My best friend and I have been intimate on and off over the past few years while in between relationships. he just found out he may have herpes. As in, he's never been tested or had symptoms but a few days after he was with a girl she had an outbreak (she claims to have never had one and the outbreak tested positive for hsv1). If he did get it and pass it on, he likely got it very recently from his last not very faithful girlfriend. In between this last girlfriend and the the girl who had the outbreak, my bff and I did fool around a few times. After the news I got tested but came back negative for both types of herpes, though I know it could be too soon to show up.
I am so confused and don't know what to do. Most importantly, I need him to feel/be okay and I seem to have no effect in doing that. He is so depressed and feeling useless like he has nothing to look forward to now. I'm honestly tempted just to be with him/risk getting it to show him that he's fine and it's not the biggest deal in the world either way. Especially since it's Hsv1 chances are a ton of people he or I might want to date in the future would already have it, at least orally. At the same time if I don't already have it, I have some of the same fears he does now- how would I navigate a potential relationship where I might give it to someone I love? Still It just breaks my heart to see him so lost.
A few factors: slight possibility neither of us has it and the girl just had her first noticeable outbreak after years of latency, triggered by rough sex. Slight possibility I know.
B) my bff and I are going on a month-long trip. With our history it will be very difficult to not be intimate, and I worry that instead of being awesome the trip will actually prove to depress him further :/
C) the trip is too soon to conclusively know if either/both of us have it. If both then this wouldn't be an issue but if I didn't have it and got a primary outbreak while traveling, well, that would suck big time obviously.
D) possible he could have it orally and just spread it to her down there via saliva etc, in which case we could still play around safely with everything not involving his mouth ;) but how would we know where it is without an outbreak? So tricky.
E) protection isn't really an option. You can contest this but just trust me. It wouldn't protect surrounding areas and even if it did, nothing can happen. Years of experience trying, including recently, to back this up. Not an option, unless you know some amazing trick in which case enlighten me!
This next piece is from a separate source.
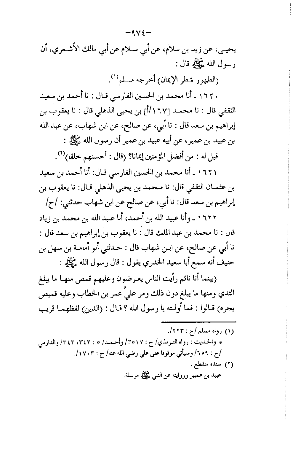 1620 - أنا مُحَمَّدُ بْنُ الْحُسَيْنِ الْفَارِسِيُّ، قَالَ: نا أَحْمَدُ بْنُ سَعِيدٍ الثَّقَفِيُّ، قَالَ: نا مُحَمَّدُ بْنُ يَحْيَى الذُّهْلِيُّ، قَالَ: نا يَعْقُوبُ بْنُ إِبْرَاهِيمَ بْنِ سَعْدٍ، قَالَ: نا أَبِي، عَنْ صَالِحٍ، عَنِ ابْنِ شِهَابٍ، عَنْ عَبْدِ اللَّهِ بْنِ عُبَيْدِ بْنِ عُمَيْرٍ، عَنْ أَبِيهِ عُبَيْدِ بْنِ عُمَيْرٍ أَنَّ رَسُولَ اللَّهِ صَلَّى اللهُ عَلَيْهِ وَسَلَّمَ: قِيلَ لَهُ: مَنْ §أَفْضَلُ الْمُؤْمِنِينَ إِيمَانًا؟ قَالَ: «أَحْسَنُهُمْ خُلُقًا»

F) I have pretty sensitive skin. Doesn't mean much just a factor in my head thinking there might be a higher chance of transmission or of outbreaks being particularly Oww.
If it were someone I was going to be with for the rest of my life there would be no factors/questions. But this is someone I know well, care about a lot and plan on having as a friend at least for as long as life and time permits :) However, we will probably end up with other people, romantically, which is why all the questions. I know you can't tell me what to do or what is right for me but I would appreciate any input soooo much! Is there anyone who has been intimate with someone that they didn't marry/end up with and got herpes as a result, but wouldn't take back that choice because of the importance of the connection with that person?